Durante años, buena parte de la investigación sobre el carbono marino trató a las bacterias como protagonistas casi exclusivas cuando se habla de aprovechar y transformar la materia orgánica disuelta en el océano. Un estudio realizado en sedimentos de un fiordo del alto Ártico propone que esa imagen está incompleta: los hongos marinos también podrían ser actores importantes, y en algunos casos incluso más eficientes para retener carbono en forma de biomasa.
El trabajo se centró en Kongsfjorden, en el archipiélago de Svalbard, un entorno especialmente valioso para estudiar estos procesos porque sus sedimentos funcionan como zonas activas de almacenamiento de carbono y, al mismo tiempo, están expuestos a cambios rápidos por el calentamiento del Ártico. Allí, los investigadores siguieron el destino de aminoácidos disueltos marcados con isótopos estables de carbono y nitrógeno, una estrategia que permite ver qué microorganismos incorporan ese material y cuánto de ese carbono nuevo queda asociado a su crecimiento.
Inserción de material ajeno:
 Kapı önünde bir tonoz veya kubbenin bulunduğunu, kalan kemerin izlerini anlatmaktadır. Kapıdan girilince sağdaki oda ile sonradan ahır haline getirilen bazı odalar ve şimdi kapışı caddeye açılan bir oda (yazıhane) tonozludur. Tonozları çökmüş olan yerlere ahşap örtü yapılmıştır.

La conclusión principal fue que una comunidad específica de hongos marinos asimiló esa materia orgánica y mostró una eficiencia metabólica relativamente alta, es decir, una mayor capacidad para convertir una parte de ese carbono en biomasa en lugar de devolverlo enseguida al ambiente. En los sedimentos del fiordo, el número de taxones de hongos que incorporaron esos compuestos fue además muy superior al observado en suelos de tundra cercanos analizados con condiciones experimentales comparables.
Eso no significa que las bacterias dejen de ser centrales en el ciclo del carbono oceánico, pero sí que los modelos pueden estar dejando afuera un componente relevante. Si ciertos hongos ayudan a estabilizar carbono en sedimentos marinos, su papel podría influir en cómo se calcula el almacenamiento de carbono en ecosistemas costeros y polares, justo en regiones donde el cambio climático ya está alterando la temperatura, el hielo, el aporte de nutrientes y la dinámica del fondo marino.
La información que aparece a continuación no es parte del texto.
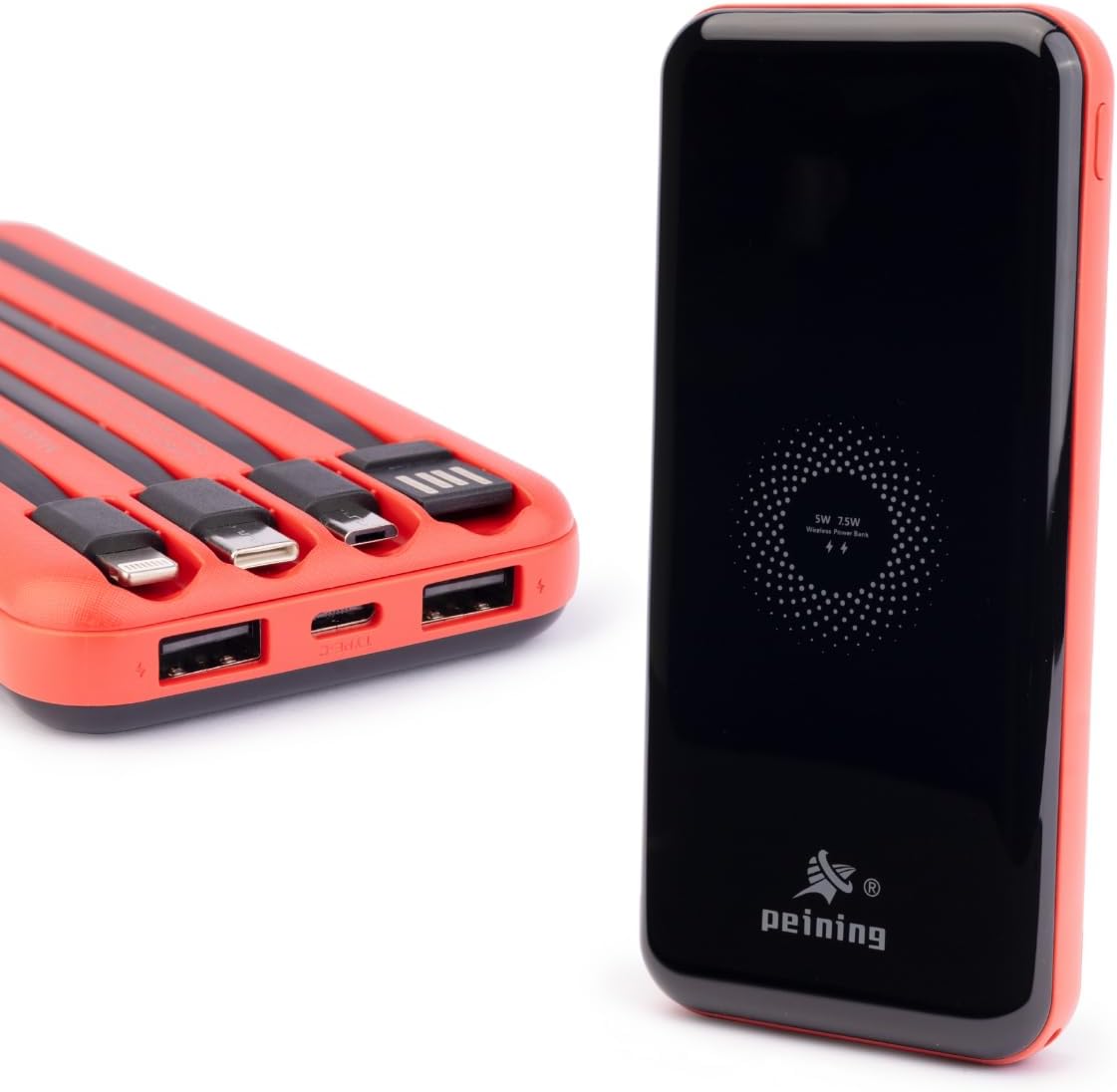 Carregador Portátil Indução 10.000mAh 7.5w 5v 2a + 4 Saídas Cabo Compatível com Android e iOS (Vermelho)

El hallazgo también obliga a revisar una idea extendida: que los hongos en el mar son marginales frente a otros microbios. En los últimos años fueron apareciendo señales de que su presencia y actividad eran mayores de lo supuesto, pero este estudio aporta una medición directa de su participación en la incorporación de compuestos orgánicos simples en un ambiente natural particularmente sensible.
Como ocurre con muchos trabajos de ecología microbiana, el alcance sigue siendo acotado. El estudio se apoya en un tipo de materia orgánica específica, en un conjunto limitado de muestras y en un sitio concreto del Ártico. Todavía falta saber con qué frecuencia esta ventaja de los hongos aparece en otros mares, estaciones del año o condiciones químicas. Aún así, la investigación abre una pregunta importante: si los modelos del carbono marino subestiman a estos organismos, parte de la historia sobre cómo el océano captura y transforma carbono podría necesitar una corrección.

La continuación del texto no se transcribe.